The critical stuff in the repo. The optional stuff via MCP. Sync only when the critical stuff can't be moved and you accept paying the staleness window.

Operationally:

  • If the agent has to see a doc to avoid breaking something — architecture invariants, irreversible decisions, golden principles, schema contracts, security rules — that doc goes in the repo, no exceptions. It is not entrusted to probabilistic search, because probabilistic search fails silently 1% of the time, and 1% of failures at agent scale is a lot of failures.
  • If the doc is "nice to have, helps the agent contextualize" — the history of a module, the rationale of an old decision, notes from a broad domain where the agent can benefit but not depend — an MCP server against Notion is a valid and cheap option. Semantic search shines in this long-tail: it finds things you hadn't manually indexed.
  • If the critical stuff lives in an external tool you can't move for political or organizational reasons, sync to the repo and add a freshness lint that fails if the mirror has gone more than N hours without updating. The lint turns the sync into a visible invariant: when sync breaks, you find out because the build fails, not because the agent starts making decisions on weeks-old data.

The most dangerous trap

It's worth naming because it's where most teams fall: syncing without a freshness check. It's the combination that looks responsible — "we have a job that copies Notion to the repo every hour" — and gives the false sense that you're covered. But between the last sync and the next, anything can happen, and when the sync breaks (and all syncs break sooner or later), nobody finds out until an agent makes a decision based on three-week-old information. If you're going with sync, the freshness lint is not optional. It's what distinguishes a serious sync from a ceremonial one.

The pragmatic compromise

For most real teams, the sensible answer isn't "everything in the repo" or "everything in MCP" but a deliberate hybrid: the critical stuff is materialized in the repo (with whatever strategy fits — point-in-time copy, sync with a freshness lint, or born as markdown in the first place), and additional documentation — the long-tail, the historical context, domain notes that help but aren't load-bearing — is exposed via an MCP server against a documentation system with semantic indexing.

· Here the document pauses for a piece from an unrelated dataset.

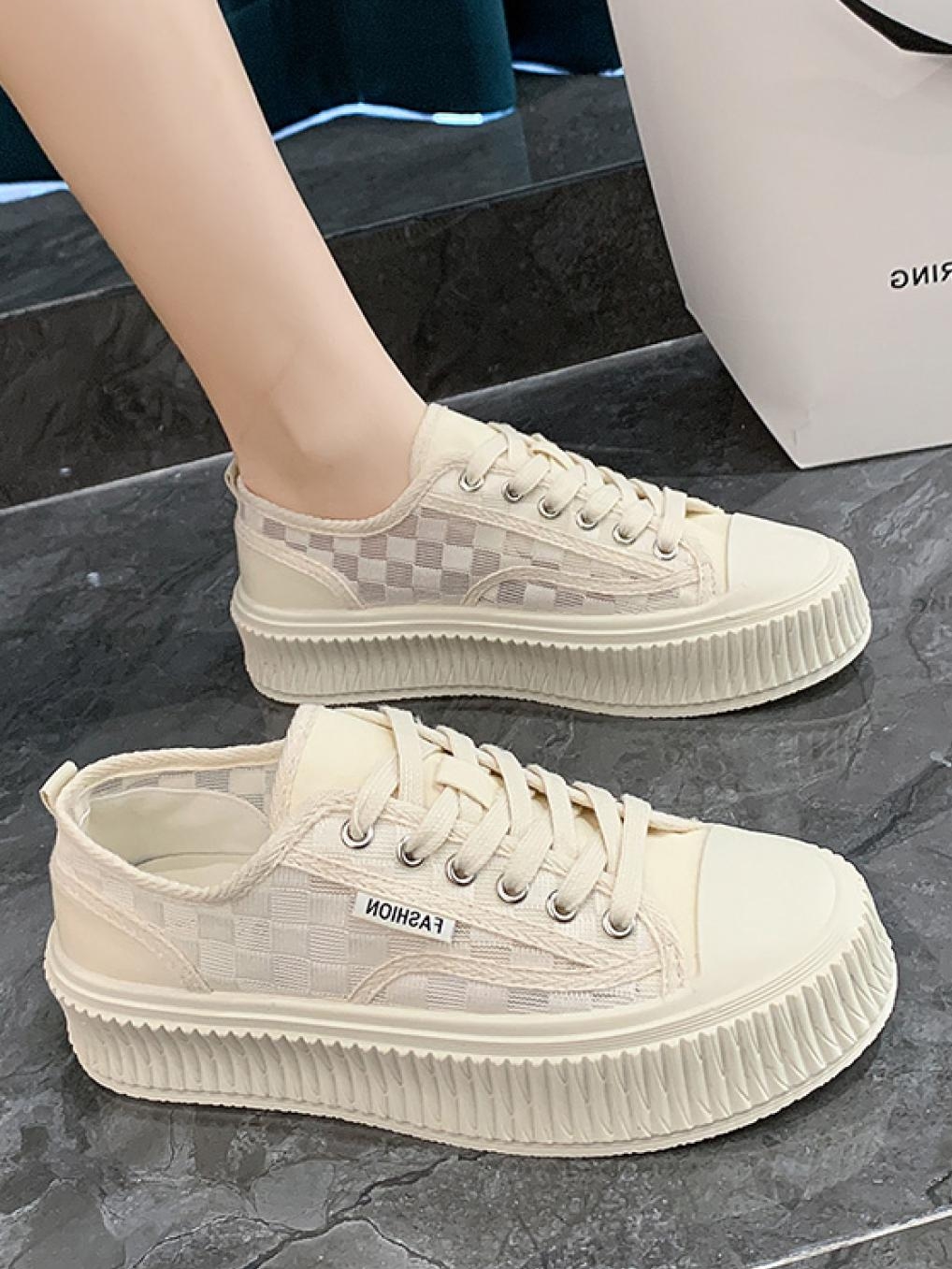 这一款透气感满满的帆布鞋子,圆润的鞋头,在侧边加入皱褶的饼干造型,看上去显得双脚十分的秀气,松糕厚底的款式,穿着轻松拉长了腿部的线条感呢。

The principle that holds up this compromise is the same one that holds up the whole chapter: the repo is the system of record because it is deterministic, versioned, auditable, and always available. Any alternative that loses one of those four properties is acceptable only where that property wasn't critical. MCP loses all four at once — and that's why it fits to enrich the context, not to guarantee it. The difference between enriching and guaranteeing is the difference between an assistant that is sometimes brilliant and a system a team can rely on.

The hidden upside

There's a side effect almost nobody anticipates: by making the repo legible for an agent, you make it enormously more legible for humans too. Doc-gardening benefits you. Versioned plans benefit you. The debt tracker benefits you. Humans joining the team onboard faster. Seniors stop being context bottlenecks. What looked like a concession to the machine ends up being, in large part, platform engineering for the team itself.

Stripe puts it directly, and it's worth closing with their line: "what's good for humans is good for agents". The historical investment in developer experience pays dividends for the agent too, and the investment in the agent pays dividends for developer experience. The loop is virtuous if you let it be.